Decarboxylative formation of di- and trifluoromethyl groups with nucleophilic fluoride using an electron-deficient manganese porphyrin

Abstract

Di- and trifluoromethyl groups (CF2H and CF3) are often found in the medicinal chemistry and other fields for their modifications of biological properties, but are challenging to synthesize due to the lack of natural fluorination pathways. Furthermore, late stage fluorination methods are of particular interest for their applications in medical imaging radiotracers. Decarboxylative fluorination, using carboxylic acids, is a unique method to selectively install fluorine atoms among numerous fluorination strategies.
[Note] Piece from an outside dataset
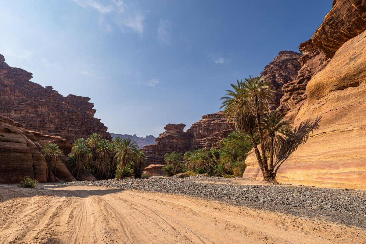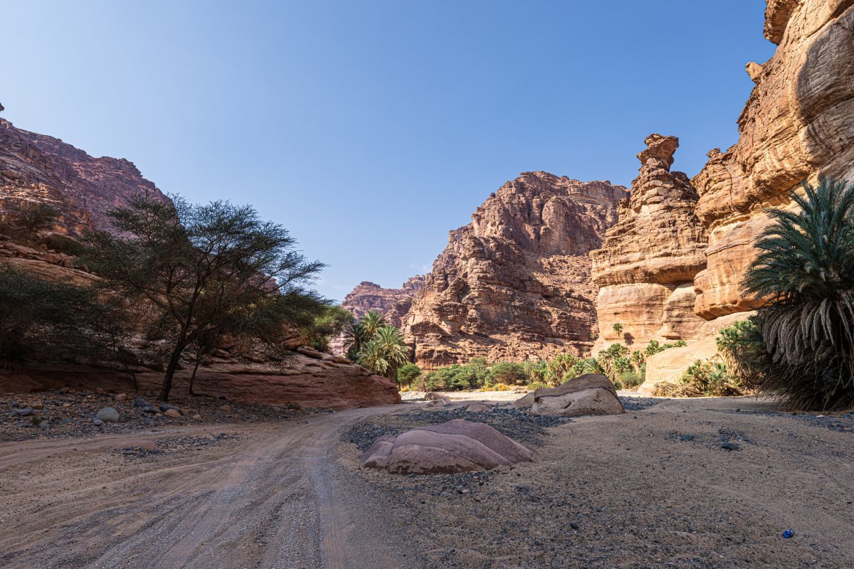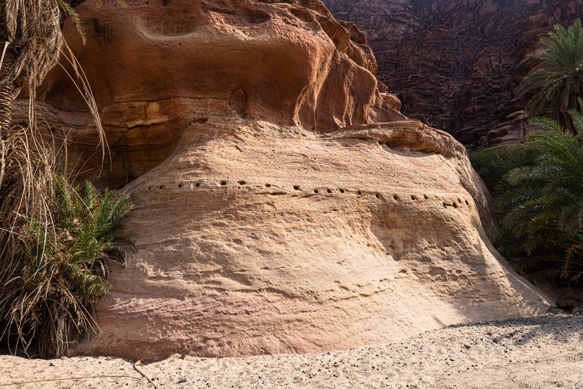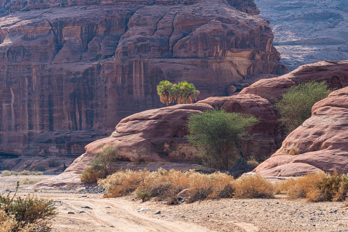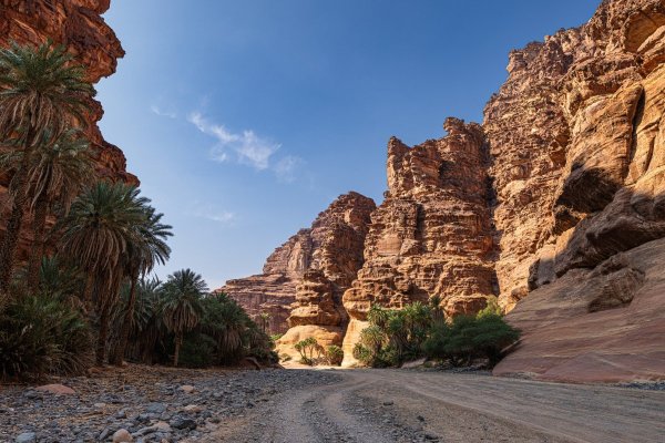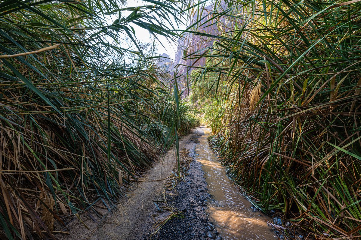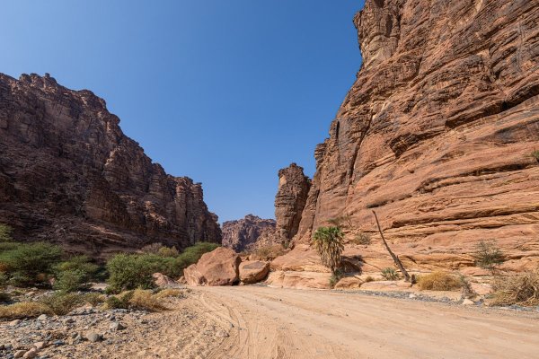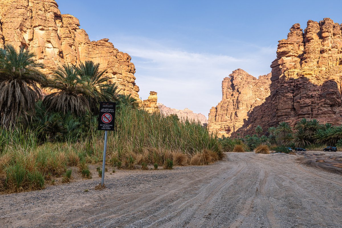 Просто роскошные виды! Одна проблема - идти по такому песку не вполне комфортно, закапываешься. Примерно как по рыхлому снегу - Вторая проблема, с которой можно столкнуться - это местный климат. Он здест резко континентальный с большими перепадами температур. Плюс летом жара, зимой холод - крайние значения от -7°С (минус!) до +44°С – смотреть сюда. То есть, для прогулок комфортная погода здесь только ноябрь - начало декабря и март - начало апреля. Ну а дальше - просо фотки. Много фоток! - и лишние комментарии здесь совершенно не к месту -> И такая красота - целых 10+ километров! Но их нужно пройти... поскольку мы - турист созерцательный. А созерцать такие красоты надо неспеша. Боковое ущелье - любопытно... Но оно быстро закончилось тупиком. И следами запрещённого здесь барбекю Идём дальше - Обратите внимание - нижняя часть скалы на несколько метров от земли как будто отполирована, а дальше идёт шероховатый камень. Но это же означает, что здесь случаются потоки воды вот такой глубины и силы! Ого-го себе.. Когда? Сезон дождей здесь вроде бы декабрь-январь... Загадочные дырки примерно на одном уровне - говорят, что это были какие-то исследования компании Сауди Арамко - но причём здесь нефть? Это же нефтяная компания! Непонятно и загадочно.. Ещё одна боковая долина открылась - любопытно, но, увы, некогда.. И дрон не запустишь - они в КСА тотально запрещены. Ну, значит, просто идём дальше и красотами любуемся: Что интересно - мы практически в полном одиночестве! (только наши две машины где-то сзади за нами на всякий случай ползут). Изредка проезжают местные жители, иногда повозка с туристами - и всё. Больше никого, несмотря на выходной день (пятница здесь - выходной). Можно забраться на какую-нибудь скалу - красотища! Каменные скальные фигуры - просто инопланетяне какие-то... Внезапно - тростник! Как это?.. Да очень просто. Примерно в середине пешего маршрута из песка начинает пробиваться вода - и дальше дорога становится мокрой, идёт вдоль ручья. Иногда - вот в таких зарослях: Прямо или налево? Если прямо, то будут проблемы расходиться со встречными машинами (если вдруг появятся) - Резонный вопрос - а видели мы других пеших туристов? - Нет. Никого более гулявших пешком мы здесь не встретили. Все остальные передвигались только на авто..3 балла

Here, the bio-inspired catalyst manganese 5,10,15,20-tetrakis(pentafluorophenyl)porphyrin Mn(TPFPP)Cl is reported for decarboxylative fluorination: this electron-deficient manganese porphyrin could expand beyond the scope and previous success of manganese tetramesitylporphyrin Mn(TMP)Cl in late stage fluoromethyl reactions. The condition optimization determined the effects of reaction time, manganese ligation, catalyst loading, oxidant loading, fluorine source loading, solvent, and pH on the reaction system. This decarboxylative fluorination catalyzed by Mn(TPFPP)Cl uses nucleophilic fluoride and has an expanded substrate scope for creating di- and trifluoromethyl substituents on a variety of aromatic rings, including those with electron-withdrawing groups, heteroatomic rings, esters, and complex, drug-like compounds.